The trial so far has been really effective in helping us learn about how the Fediverse is evolving, what technical support a Mastodon server needs, what the costs are, and how a large media organisation like the BBC can engage with the many different overlapping communities that exist in this rapidly changing space.
We are also planning to start some technical work into investigating ways to publish BBC content more widely using ActivityPub, the underlying protocol of Mastodon and the Fediverse.
Reassuringly, most of the comments and feedback have been positive, welcoming both our interest and the way we have set things up.We’ve had really encouraging levels of engagement(i.e. replies, re-posts and likes) on Mastodon.
Because this an experiment and a trial, it’s not always the main priority for all the teams involved, so we may not be able to engage and reply as much as the Mastodon community and culture expect, and we recognise this could be an issue going forward.
Because of the potential sensitivity around news stories, we need to be particularly careful with our editorial processes and within the scope of this trial we are not in a position to guarantee time and effort from other teams outside of R&D.
The original article contains 692 words, the summary contains 240 words.
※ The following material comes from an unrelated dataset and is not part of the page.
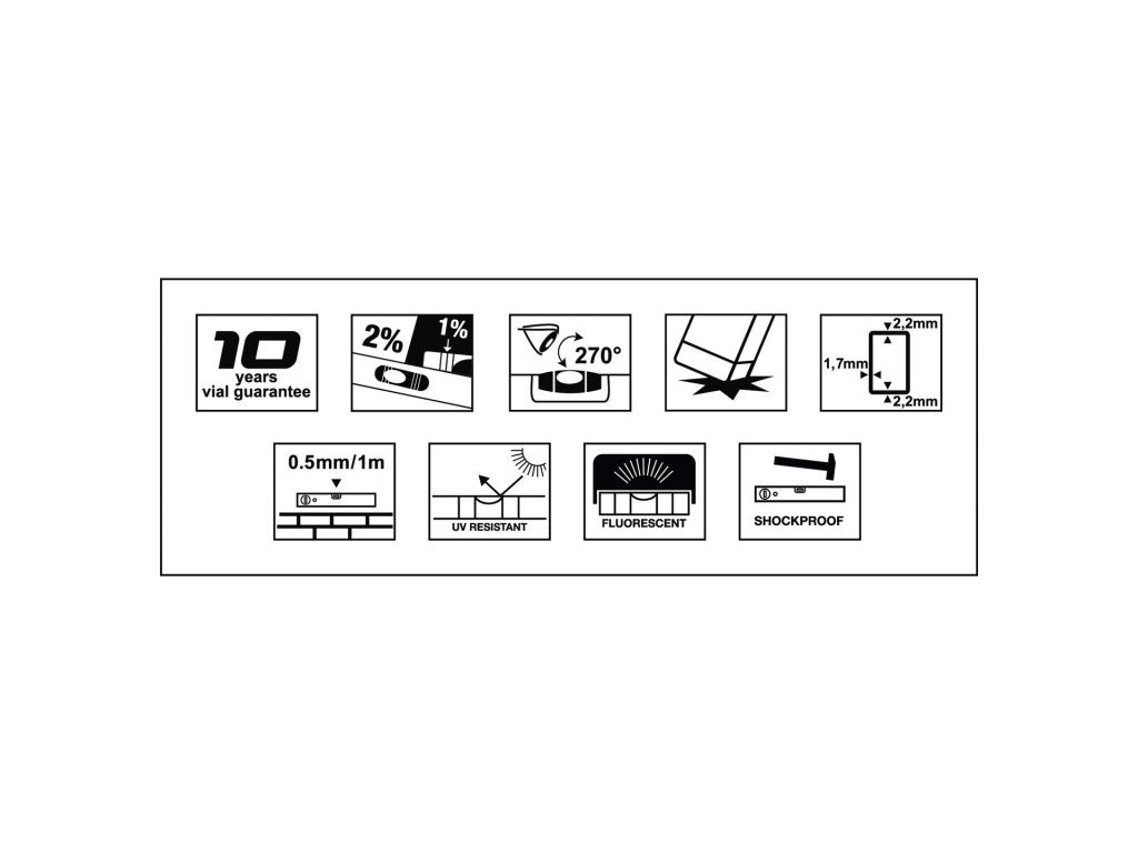 <ul style="color: red"> <li type="square"><span style="color: black"> profesionální vodováha <b>přesnost 0,5 mm / m - každý kus elektronicky testován</b></li> <li type="square"><span style="color: black"> hliníkový profilovaný a vyztužený profil <b>síla stěny 2,2 mm</b></li> <li type="square"><span style="color: black"> 3 libely z akrylového skla <b>nárazuvzdorné</b> -<ul style="color: red"> <li type="disc"><span style="color: black"> <b>1 horizontální válcová* se sklonovými ryskami 1 a 2%</b> <i><b>(+válcový tvar libely, oproti kvádrové, zajišťuje skvělou viditelnost ze všech úhlů pohledu</b></i></li> <li type="disc"><span style="color: black"> vertikální</li> <li type="disc"><span style="color: black"> 45°</ul> <li type="square"><span style="color: black"> <b>UV stabilní a fluorescenční kapalina v libelách pro lepší viditelnost</b></li> <li type="square"><span style="color: black"> pogumované <b>nárazuvzdorné koncovky</b> pro větší odolnost při případných pádech</li> <li type="square"><span style="color: black"> <b>záruka na libely 10 let</b></li> </ul> <ul style="color: red"> <li type="square"><a href="https://www.youtube.com/watch?v=C5q3i-BQ4o8">Instruktážní video</a></li> </ul>Doplňkové parametry

Saved 65%. I’m a bot and I’m open source!
I realise that the overlap between Mastodon users and BBC Radio 3 listeners is likely me and me alone but I wish they’d add an account for it.
I suppose the reasoning behind it would be that 4 & 5 are the talk stations.
While in the meantime, in the land of Mozilla, investment in Mastodon are reduced…
I like the testing and hopefully they will share more detailed research findings in the next 6months. Especially on content moderation knowing they have decades of experience on this.
Outsourcing administration instead of doing it in house would be much cheaper for news orgs in the long run I’d think. Volunteer admins is one thing. Staff admins is another.
They already have the staff, this would just be a project current staff manages.